New York United Hospital Medical Center closed in 2006, and is one of a dozen medical centers in New York State to close in the past decade.

The continuing trend is lengthening ambulance rides and forcing emergency crews to start treatment during the ride in.

“This machine will give me the ability to treat the patient the way they would be treated, as far as medications go,” emergency medical technician Jon Silvestri explained to CBS 2’s Lou Young.

Treatment in the ambulance is a necessity, CBS 2 was told, because the average ambulance ride will be longer as time goes on. And industry sources said hospital closings have only just begun.

“It is a tsunami,” said Bill Harrington of the Westchester County Association. “There will be consolidation of medical providers in this county, and it will be a function of market forces, and approval by the federal and state governments.”

With health care reform now taking effect, experts said the market forces that closed United Hospital are accelerating, making it tougher for individual institutions to stand alone. Thus, shuttered hospitals could be the wave of the future.

“The government, through all of the legislation, is going to take about $100 million out of this hospital — and we’re a $400 million organization,” said Jon Schandler, chief executive officer of White Plains Hospital.

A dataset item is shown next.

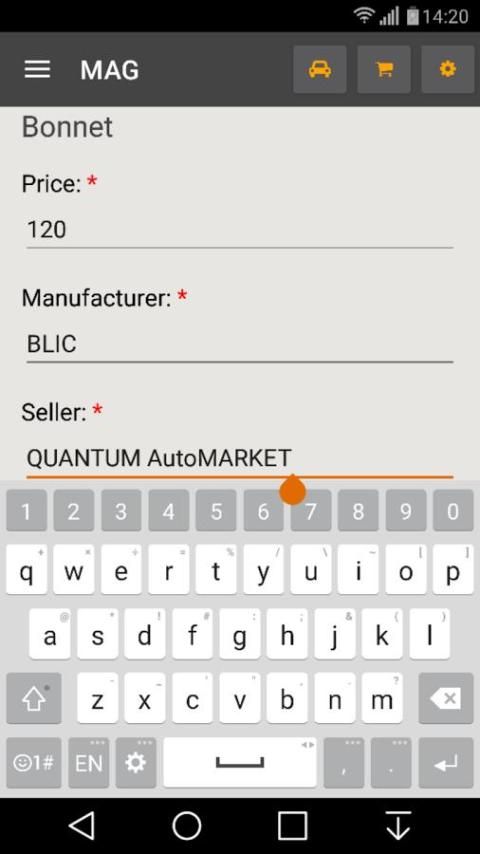 * वाहन हिस्से के चुने हुए नाम के लिए मूल्य, निर्माता का नाम और खरीदार का नाम जोड़ें।
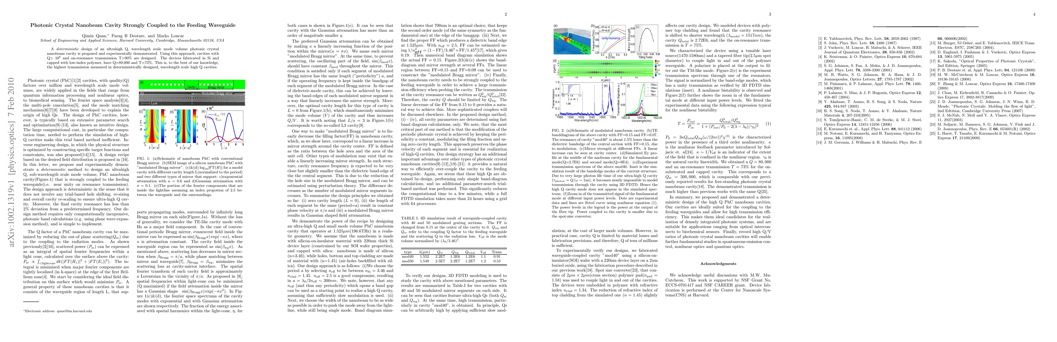 This paper proposes and demonstrates a photonic crystal nanobeam cavity with ultrahigh Q and small mode volume, achieving Q>10^6 and transmission T>90%. Fabricated in silicon and capped with low-index polymer, the devices show Q=80,000 and T=73%, marking the highest transmission in such cavities.

In Westchester, hospitals and medical groups are reacting by setting up partnerships, as health care shifts to medical facilities without full hospital staffing.

“I think you’re going to see more and more people never going into a hospital,” said Dr. Simeon Schwartz of WestMed Medical Group.

But when people do have to go to a hospital, it will likely take longer.

Sixteen hospitals remained open as of April 10 in Westchester County – part of a $10 billion industry that is the county’s largest employer.